# please correct me the grammar



## Doris

i think this foro is  really important  . If someone want to learn is better .
well, congratulations


----------



## valerie

Doris, creo que tu mensaje no está en el foro adecuado. Mejor deberias preguntar en el foro español-ingles


----------



## Doris

ok Valerie
thanks


----------



## mkellogg

I think Doris found the right forum to say her congratulations.  


Thanks!  It is a pleasure to be able to help everyone learn.


----------



## Tomas Robinson

Doris said:
			
		

> i think this foro is  really important  . If someone want to learn is better .
> well, congratulations



Welcome to the forum, Doris!  

How long have you been speaking/writing/reading English? It is my native language, I have spoken English for 43 years (more or less  ). 

He tomando tres clases de español, la primera hace 3 años y tengo amigos en Puerto Rico, Mexico y Ecuador. Mi español no es super bueno, pero quiero aprender más cada día y practicar con otros miembros en este sitio.

I have used the forum for only a week. For questions about translations I think the "Spanish-English" forum is best because the people speak in both languages. Also, you can ask questions about English - in English - on the English-only forum.

¡Bienvenidos! ¡Buen suerte!


----------



## Focalist

> Doris, creo que tu mensaje no está en el foro adecuado. Mejor deberias preguntar en el foro español-ingles


El mensaje de Doris ¡sí que está en el "foro adecuado"! Doris no estaba preguntando, sino comentando ... en el foro "comments and suggestions". 

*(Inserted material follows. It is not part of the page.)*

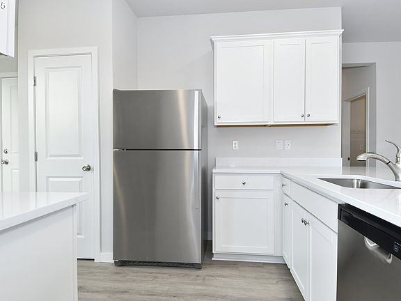 Now available in Park Meadow - the stunning American floorplan! This beautiful single-story home offers three spacious bedrooms and two modern bathrooms, designed for comfort and style. Enjoy an open-concept layout perfect for entertaining, featuring a chef-ready kitchen with rich wood cabinetry, crown molding, quartz countertops, and durable plank flooring. The bright owner's suite offers a peaceful retreat with multiple windows and plenty of natural light. A finished garage and fully fenced backyard add convenience, privacy, and functionality to this move-in ready home.

Doris, ¡te damos la bienvenida!

F


----------



## Tormenta

Doris said:
			
		

> i think this foro is  really important  . If someone want to learn is better .
> well, congratulations




Welcome Doris,

These forums are great for learning (and laughing); you might end up making some good friends as well  

Saludos,

Tormenta


----------



## Doris

un beso


			
				Focalist said:
			
		

> El mensaje de Doris ¡sí que está en el "foro adecuado"! Doris no estaba preguntando, sino comentando ... en el foro "comments and suggestions".
> 
> Doris, ¡te damos la bienvenida!
> 
> F


----------